-------- Given information

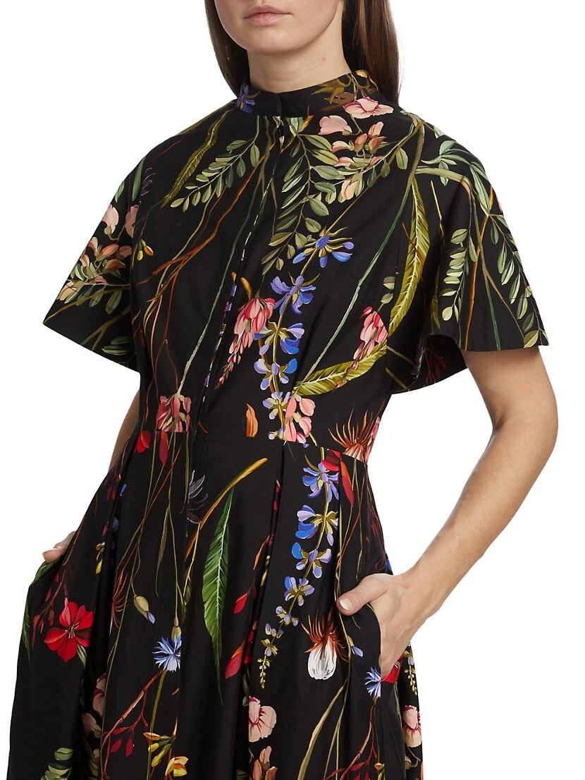This cotton shirtdress is designed in an A-line silhouette with a lovely floral print
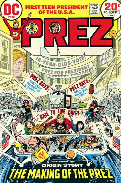 An artifact of its time. Boss Smiley attempts to find a candidate that will be his puppet, but Prez, with Eagle Free's help declares his independence. Inspired by the recent (1973) amendment lowering the U.S. voting age to 18, this story imagines the first teen-aged president. Full of hilariously off-key renderings of the 60s-70s youth culture.
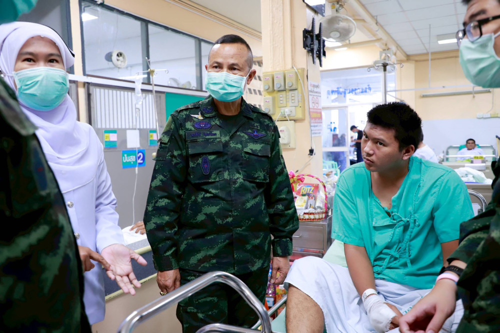 ทหาร 5 นาย ถูกกระแสไฟฟ้าช็อต ขณะปฏิบัติภารกิจฟื้นฟูโรงพยาบาลส่งเสริมสุขภาพตําบลสะดาวา อําเภอยะรัง จังหวัดปัตตานี อาการปลอดภัยแล้ว แม่ทัพ4รุดเยี่ยมให้กําลังใจ

----------------

What you are asked to do:
The answer should hold every line of the listing, copied exactly, with no pictures.

Answer to this exercise:
This cotton shirtdress is designed in an A-line silhouette with a lovely floral print
 An artifact of its time. Boss Smiley attempts to find a candidate that will be his puppet, but Prez, with Eagle Free's help declares his independence. Inspired by the recent (1973) amendment lowering the U.S. voting age to 18, this story imagines the first teen-aged president. Full of hilariously off-key renderings of the 60s-70s youth culture.
 ทหาร 5 นาย ถูกกระแสไฟฟ้าช็อต ขณะปฏิบัติภารกิจฟื้นฟูโรงพยาบาลส่งเสริมสุขภาพตําบลสะดาวา อําเภอยะรัง จังหวัดปัตตานี อาการปลอดภัยแล้ว แม่ทัพ4รุดเยี่ยมให้กําลังใจ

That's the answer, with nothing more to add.